Nie ma to jak w domu.Dwa westchnienia odbijają się echem po pustym domu, a następnie słychać głuche odgłosy, kiedy ja i Jace odkładamy nasze walizki na podłogę.
Dziwnie jest wrócić do domu po prawie tygodniu, ale z drugiej strony jest tak, jakbyśmy w ogóle nie wyjeżdżali. I cholernie się cieszę, że nie mam wielu złych wspomnień z moich Dni Bez Jay'a w tym domu.

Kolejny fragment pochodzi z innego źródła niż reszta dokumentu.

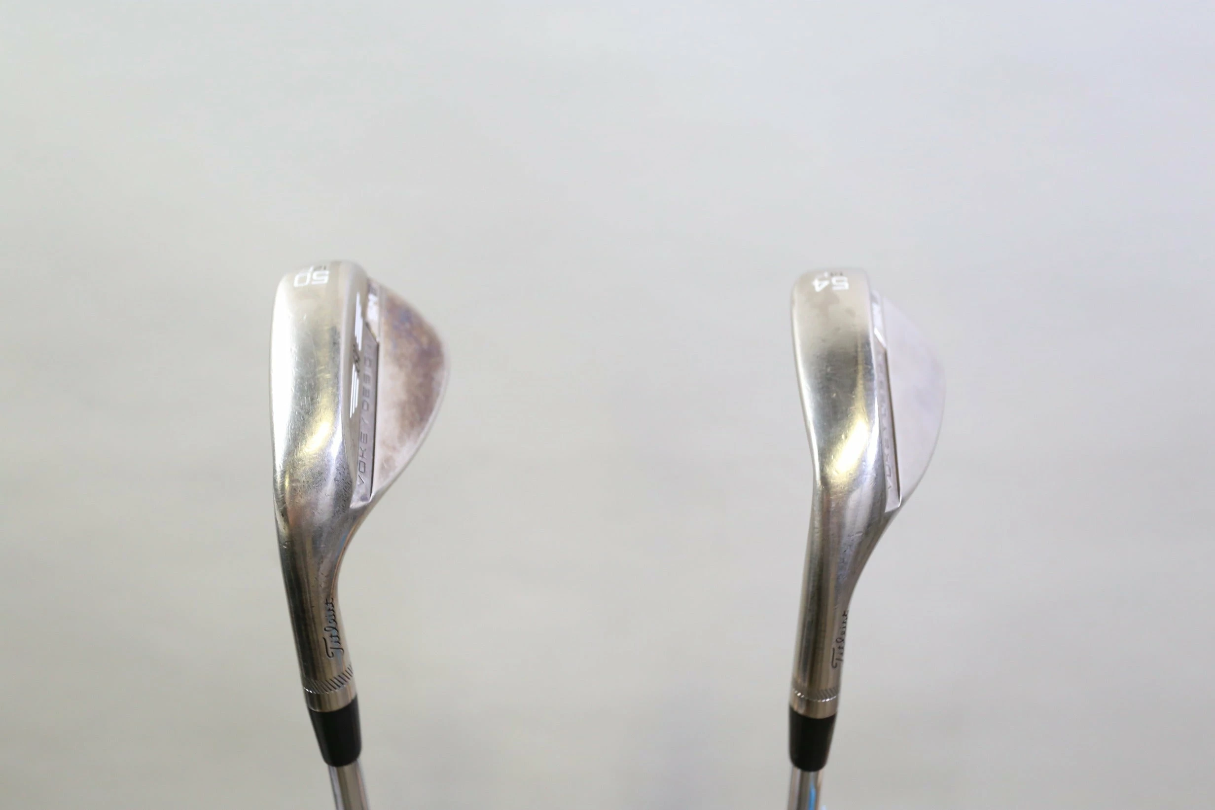 GOOD – This wedge set is in good condition. There is average wear around the heads and on the faces of the clubs from regular use. There are very small markings and scratches along the shafts from normal use and storage. The grips are in good condition with some wear from regular use and storage. Please see pictures for more details. *Bounces: 50* – 12*, 54* – 14*
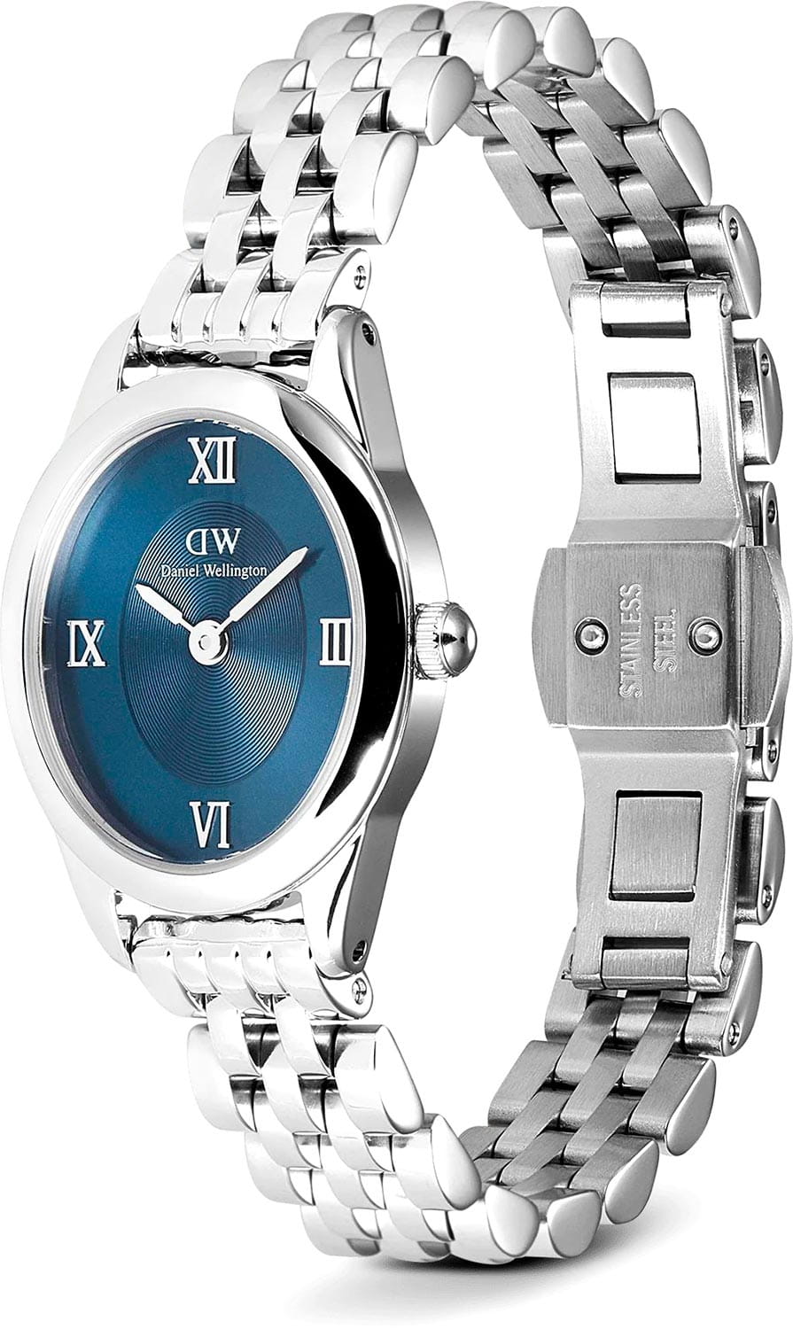 Daniel Wellington Ophelia — женственные часы с овальным корпусом 22 мм из нержавеющей стали с изящным. Глубокий циферблат с радиальным переливом украшен римскими индексами, что придаёт образу классическую элегантность.

Moje usta wyginają się w uśmiechu, gdy myślę o tym, co wydarzyło się zaledwie trzy godziny temu. Widziałam go. Nagle mam ochotę z nim porozmawiać, powiedzieć mu, że nie mogę znieść ani minuty bez niego, a jeśli on wciąż chce przemyśleć swoje uczucia, to musi to przeboleć i rozmyślać ze mną w swoim życiu.
Schylam się po swoje walizki, gotowa, by je rozpakować i podłączyć mój wyłączony telefon do ładowarki, abym mogła porozmawiać z Jay'em, ale słyszę za sobą chrząknięcie mojego brata i wiem dokładnie, dlaczego to robi, więc nawet się nie odwracam.
- Nie teraz, Jace. Powiem ci wszystko wieczorem, przy kolacji. Teraz chcę po prostu odpocząć, dobrze? - Bardziej stwierdzam, niż pytam i nie czekając na odpowiedź, idę w górę po schodach.
Jak tylko jestem w swoim pokoju, pierwszą rzeczą, którą robię jest podłączenie mojego kochanego telefonu do ładowarki, bo rozładował się w połowie lotu. Druga jego część była cholernie nudna, możecie to sobie wyobrazić. Czekam, aż mały znaczek baterii pojawi się na ekranie, a następnie naciskam boczny przycisk do włączania i czekam kilka sekund.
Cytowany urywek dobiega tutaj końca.